Потом иду к столу: полная тарелка крепчайшего бульона с куском
сохатины, рядом – большая луковица, хлеб и соль. Хотя руки дрожат
от голода, есть нужно достойно. Наевшись, возвращаюсь к печке,
отрываю полоску газетной бумаги, и мне щедро насыпают чистой махорки,
провеянной от табачной пыли. Скрутив тонкую самокрутку и прикурив
от горящей лучины, я тем же чужим голосом спрашиваю: «Кто?». И
слышу: «Однако, паря, Василия Иваныча закопали. Ещё в декабре…».
Кто-то протянул вторую кружку чая. Я курил и вспоминал прошлогоднюю
весну…

***

Европейский «призрак коммунизма» никак не хотел бродить ещё и
по Сибири. А между тем, в нашей таёжной деревушке всё было готово
к приему долгожданного гостя: жители приучились обходиться без
денег – их заменяла амбарная книга. Продавщица Любка, отпустив
порцию провианта, вносила нужную запись и про деньги даже не заикалась.
Добытое мясо или рыбу делили на всех по количеству ртов. Старикам
выделяли куски помягче. Сохатинкой никого не обносили: мало ли
кому подфартит в следующий раз?

Внутри стихийной деревенской коммуны была ещё одна, наша. Она
состояла из трёх мужиков, двух женщин и пары детей. Пока не раскисла
нартовая дорога, три коммунара успели выскочить в райцентр. На
общем хозяйстве оставили нас с женой. Спокойную жизнь осложнили
коммунарскими детьми Анькой и Лёшкой – не тащить же их пешком
за сто двадцать километров. На общем совете учли, что я лучше
всех умею печь хлеб и готовить «праздник для желудка» из муки,
соли, риса, сухого молока и кильки в томатном соусе. Ничего другого
в деревенском магазине не было. Единственный кусочек свиного сала,
величиной со спичечный коробок, был раз и навсегда насажен на
вилку, для верности привязан суровой ниткой и предназначался только
для натирания глубокой сковороды, чтобы хлеб не пригорал. Аньке
и Лёшке строго запрещалось этот кусок лизать или, не дай бог,
кусать.

К чужим детям мы относились без раздражения: терпели и присматривались.
Жена периодически вытирала им носы, стирала белье и мыла девочку
в бане. Лёшка упорно мылся только со мной.

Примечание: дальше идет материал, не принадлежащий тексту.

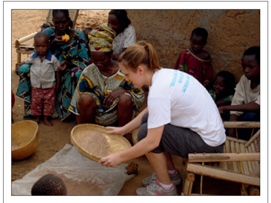
Figure 2. Student working with women in a village in Mali to help determine energy and cooking needs.

It is also important to extend the discussion of sustainable development beyond engineering. To that end, Engineering and Economics faculty have co-created a course called "Globalization and Sustainability" that teaches a systems-level view of sustainable development and is open to all undergraduates. Taught in the "Technology and Social Change" program in the College of Liberal Arts and Sciences, this course includes students from all six undergraduate colleges and from all stages of their undergraduate experience, with enrollment of approximately 100 students. Materials make up an appreciable portion of this class, with a focus on the ubiquity of materials in technology, as well as the scarcity of some resources and how that scarcity can have an impact on future technological solutions for sustainable energy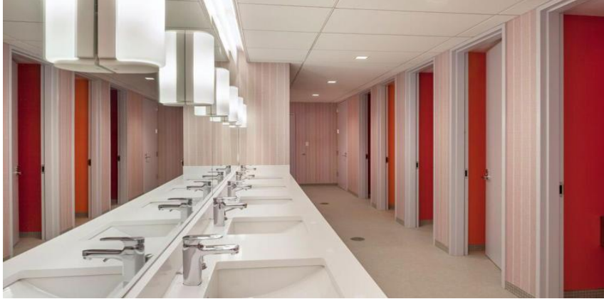
PASBO 62ND ANNUAL CONFERENCE AND EXHIBITS, PITTSBURGH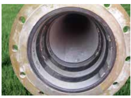
Liner end collar for the connection with the flange mounted before the installation in case of large pipe dimensions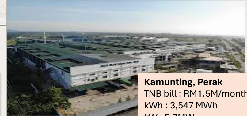
Kamunting, Perak TNB bill : RM1.5M/month kWh : 3,547 MWh kW : 5.7MW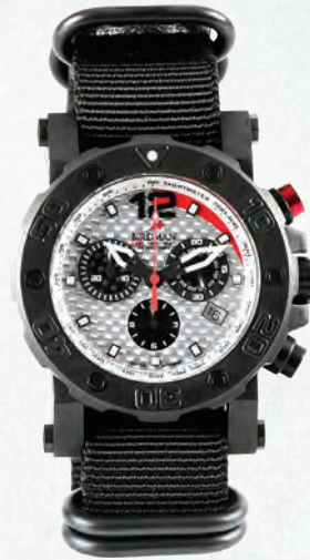
B.A.S.E. CHRONOGRAPH BC-W1-13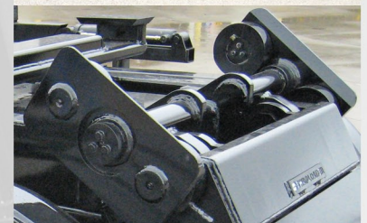
Dual Rear Rollers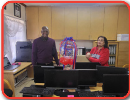
The management team of Moshoeshoe Primary School

uBambiswano would like to thank Supergroup Dealerships for donating 35 computers to five of our partner schools in Daveyton and Etwatwa. The deliveries were made to Daveyton Intermediate School, Inkatha ka Zulu Primary School, Enkangala Primary School, Madingoane Primary School and Moshoeshoe Primary School by Suzuki Bruma , who are part of Supergroup Dealerships. We appreciate the continued support that we receive from Supergroup Dealerships.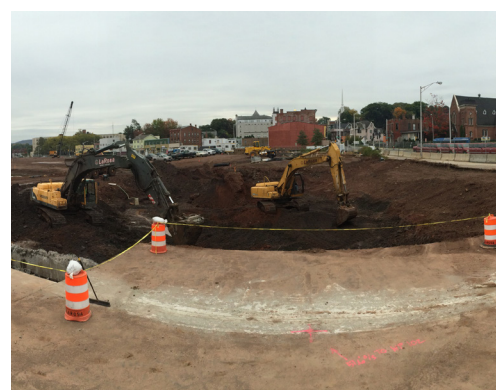
Flooded 14-acre Industrial Park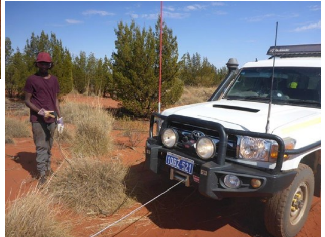
Blondie operating the winch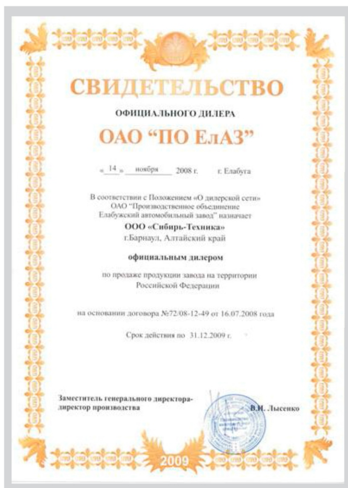
Certificate of ELAZ official dealer

The same year Sibir-Technika concluded a dealer contract with ELAZ, OAO - a manufacturer of motor-and-tractor special machines on the basis of Belarus tractors 82П, 82.1, 80.1. This dealer contract gave Sibir-Technika the right to sell wheeled machines manufactured on the basis of Belarus tractors of various modifications. Annual sales of Belarus 82.1 - type wheeled tractors come up to 400 items.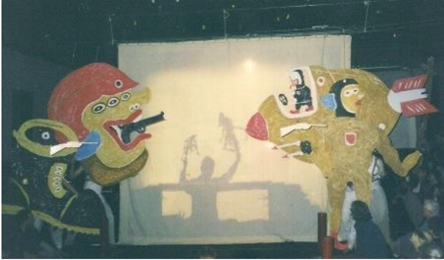
Giant-head army puppets facing each other in front of the screen, one with three eyes plus a gun in the mouth, and the other with an arrow-bomb. (Photograph: Don Chow).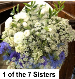
1 of the 7 Sisters

Детские носы и не текли
бы постоянно, но на дворе – весна, и детей дома не удержишь. А
в дырявых резиновых сапожках, как их ни латай, всё равно ноги
сырые. Мы оказались не готовы к смене времён года. Потому жена
встретила первую весну в галошах, сделанных из старых резиновых
сапог, а я – в кожаных ичигах. Болотные сапоги на мои ножищи можно
было выписать только через «Посылторг». Ходить в ичигах по напитанному
водой снегу несравненно лучше, чем босиком. Сначала ногам холодно.
Но потом ледяная вода, пропитавшая суконные портянки, естественным
образом нагревается, и ноги чувствуют себя уютно, как в тёплой
навозной куче.

По утрам я убегал в тайгу, надеясь что-нибудь подстрелить, но
вся дичь вокруг повыбита ещё осенью, а новая и не вылупилась,
и не подтянулась на свободные участки. Жена каждый раз утешала
меня, но категорически не разрешала уходить с ночёвкой в дальнюю
тайгу. Говорила, что страшно оставаться среди дикого народа. На
самом деле она боялась, что от сырости расползутся ичиги по швам,
и буду я многие километры шлёпать в деревню босым по снежной каше.
Так и жили, уговаривая друг друга ещё немного потерпеть. Ждать
оставалось недолго, недели три или четыре – до ледохода. А потом,
по большой воде, вернутся ребята на моторной лодке, с сахаром,
со сливочным маслом и сгущённым молоком, да с резиновыми сапогами
для всех коммунаров. А потом, ещё через недельку-другую, притянут
баржу с продуктами. Лишь бы только ребятишки не заболели.

Несколько дней я работал на строительстве десятикилометровой изгороди
для оленей. Там можно было получать из «общего котла» сахар. Кусок
варёного мяса на глазах у бригады в карман не спрячешь и домой
не унесёшь, а сахар, хоть и считан каждый кусок – личное дело.
Сахарная пайка положена каждому.

Однажды утром к нам зашёл Василий Иваныч, сосед-эвенк, мужик уже
старый, лет сорока пяти. До болезни он состоял в должности старшего
оленевода, и все жители деревни относились к нему с большим уважением.
Районные врачи выписали его домой – опухоль признали неоперабельной.
Но приговорённый спокойствия не терял: по расчетам врачей смерть
поджидала его только в начале июля, не раньше. В запасе оставалось
полно времени, месяца полтора. Но сам Василий Иваныч планировал
уйти из жизни в начале сентября, чтоб поесть свежей голубицы.
Любил он эту ягоду почти так же, как любит её соболь.

Старый оленевод явно пришёл по важному делу. Он, как положено
у эвенков, присел на корточки к железной печке, чтобы покурить
и дать хозяину время полностью созреть для правильного понимания
обстоятельств. Не с порога же начинать. Я тоже закурил, стараясь
не смотреть на опухоль, которая куриным яйцом выпирала на шее
соседа. Старик потрогал шишку, живущую собственной жизнью, виновато
улыбнулся:

– Однако, резать надо.

– Конечно, Василий Иваныч. Как только лёд сойдет, на первой же
лодке в райцентр, к врачам.

– Нет, паря, я просил, чтобы резали. Говорят: потихоньку сам умрёшь,
а если резать – то всё равно умрёшь. Жалко им что ли? Вот я и
решил – резать надо.

– Василий Иваныч, сильно проси…

– Дак я и так шибко прошу! Сразу сказал тебе – резать надо.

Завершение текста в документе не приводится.